Output all the data exactly. Pictures do not belong in the copy.

■ **Data excerpt**
--- START ---
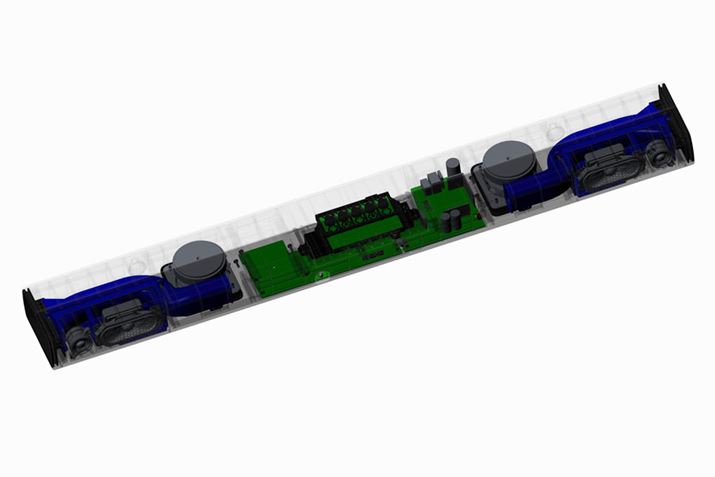 内部に25mmツイーター、45×90mm楕円形ミッドレンジ、75mmサブウーハーを2基ずつ搭載する3ウェイ・6スピーカー設計の2.1ch構成
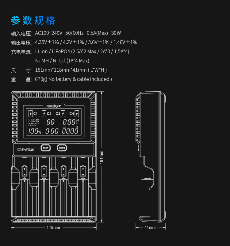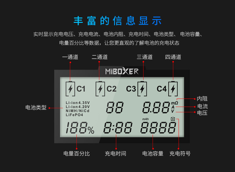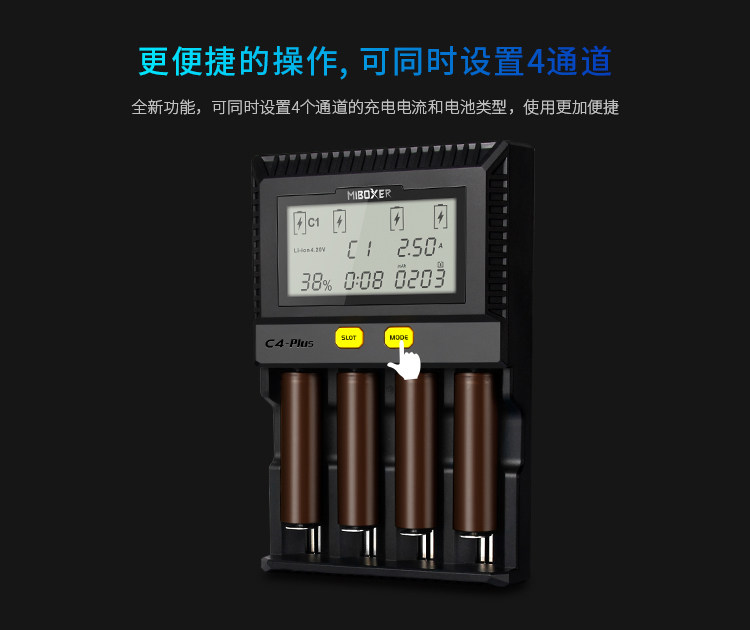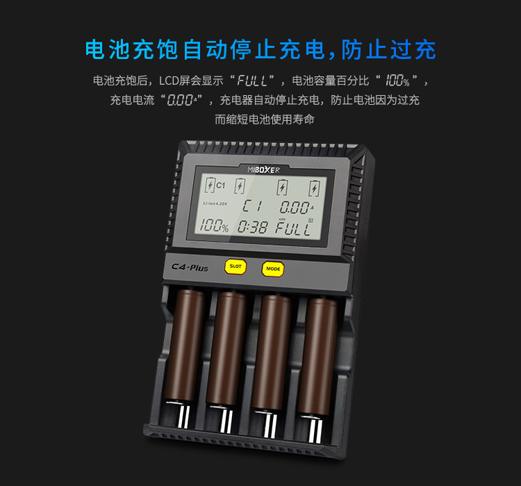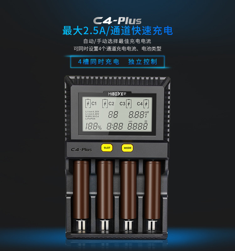 Miboxer C4-PLUS 18650 Тест зарядного устройства ЖКД интеллектуально быстрое литиевое зарядное устройство аккумулятора
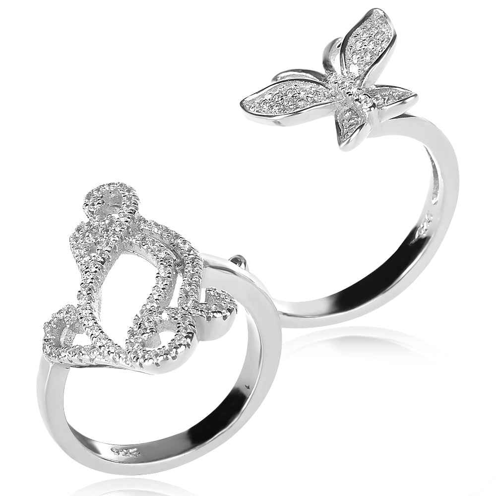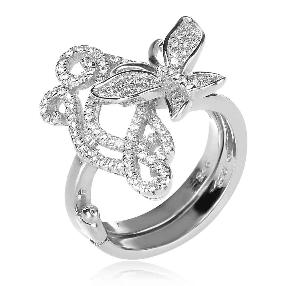 Сребърен двоен/сгъваем пръстен с пеперуда, обсипан с малки кубични цирконии. Този ювелирен трансформърс ще впечатли всеки ценител на нестандартните украшения. Пръстенът може да се носи по два начина-сгънат в пищна форма или разгънат на два съседни пръста. Прибави това фантастично бижу към колекцията си за всички онези специални моменти... :)
--- END ---
■ **Response to the task**
 内部に25mmツイーター、45×90mm楕円形ミッドレンジ、75mmサブウーハーを2基ずつ搭載する3ウェイ・6スピーカー設計の2.1ch構成
 Miboxer C4-PLUS 18650 Тест зарядного устройства ЖКД интеллектуально быстрое литиевое зарядное устройство аккумулятора
 Сребърен двоен/сгъваем пръстен с пеперуда, обсипан с малки кубични цирконии. Този ювелирен трансформърс ще впечатли всеки ценител на нестандартните украшения. Пръстенът може да се носи по два начина-сгънат в пищна форма или разгънат на два съседни пръста. Прибави това фантастично бижу към колекцията си за всички онези специални моменти... :)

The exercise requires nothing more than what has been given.